Last time I checked, it was the Left.
So Americans—white, black, brown, green, whatever—applauding Toya Graham for taking control and swift action to get her son out of a troubling and life-threatening situation was more than appropriate, it was life or death.
No hypocrisy here, Joan. Although I cannot say the same for you and your ilk.
But I need to take some of our conservative folks to task as well for their need for perfect representatives to embody the principles of strong and decisive parenting.
Conservative talker Heidi Harris prefaced her Facebook posting of the viral video with, “Too bad she is a single mother of SIX…”. Why too bad, Heidi? So, would her actions be more laudable if she was a single mother of one or a married mother of 10? Would you feel better if she were Michelle Duggar administering the discipline? What does her lack of marital status and amount of kids have to do with the fact that her actions were justified?
All we know of Toya Graham is that she is doing her best to save her son from, as she said, being another Freddie Gray; let’s not use her state of affairs as a judgment on whether she is worthy of the title “hero” or not.
That statement makes you appear no better than Joan Walsh dancing on her white privilege soapbox.
Conservative analyst and radio host Larry Elder posted this cartoon on Twitter and asked, “This is all well and good. BUT, WHERE IS HIS FATHER?”
— Larry Elder (@larryelder) April 30, 2015
Great question, Larry, as this is your area of laser focus. Where is the father to help the mom administer discipline to mold the 16-year old son’s decision-making? Having grown up without a father, I can attest that a Dad’s firm hand and partnership with my mother would have held more weight in my life. So I can agree with Larry that much of the mess we see in the Black communities is linked to the rampant fatherlessness.
But with all that is going wrong in Baltimore, let’s not minimize Toya Graham’s correct and decisive action, and the example she set that used to be the norm in our communities, but has sadly fallen to the wayside.
Toya Graham said in a CNN interview with Anderson Cooper, “As long as I have breath in my body, I will always try to do right by Michael, and show him that what’s going on out in society doesn’t have to be YOU.”

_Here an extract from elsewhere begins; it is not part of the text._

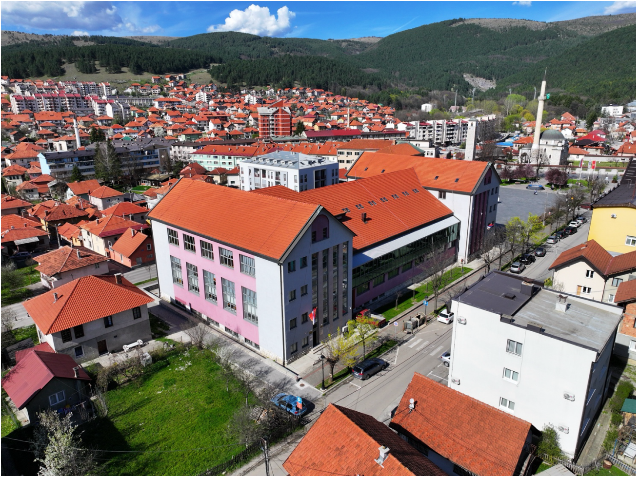
Приказ бочне (лијеве) и задње стране Дом културе

Bingo. The herd mentality of the violence overshadowing the peaceful protests in Baltimore is evident. Here is my question: what have these violent uprisings begotten except more paralyzed and disabled black communities?

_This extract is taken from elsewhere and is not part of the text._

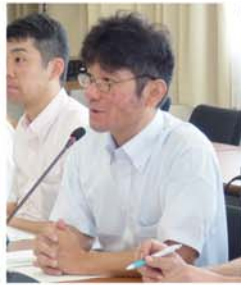
▲昇中央執行委員長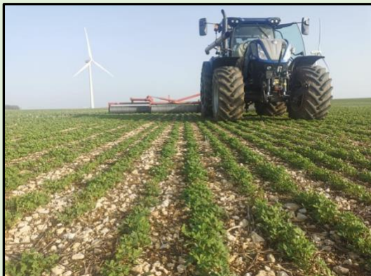
Roulage du Fenugrec en argilo-calcaire

C'est une étape importante pour cette culture, il permet un meilleur enracinement de la plante. Il ne faut pas avoir « peur » de rouler au début du printemps un fenugrec qui est déjà bien développé. Nous conseillons de rouler le fenugrec deux fois (automne/sortie hiver).

Seriously, if Toya Graham reflects anything, it is that the black community needs to employ urgent methods to address this ugliness—not more visits from Al Sharpton and swallowing false narratives fed by the media and feckless black leaders like Baltimore mayor Stephanie Rawlings-Blake hook, line, and sinker.
As this writer stated back in December, “Now that the justice system, our first Black president, and the Great Society programs have failed, what will we do? A good place to start is old school—like getting educated—especially on the issues that affect us. The people who change the system are the ones that know how it works, and there is a stunning level of ignorance in this arena over the two cases [now three] that are fomenting such rage.” [#BlackLivesMatter–a hashtag bandaid over the gaping wound of Black problems]
A Black woman named “BattleCat” posted this video that should go as viral as the Toya Graham video. It speaks to the issue of the lack of parental involvement and accountability, and what needs to be done to resolve it. Warning: Very strong language.
Frederick Douglass said, “It is easier to build strong children than to repair broken men.” I wish Toya Graham well in raising Michael and her five daughters, and doing what she can to keep them from the devastation that surrounds them.
What she did is a pivotal component of this, whether people agree with it or not.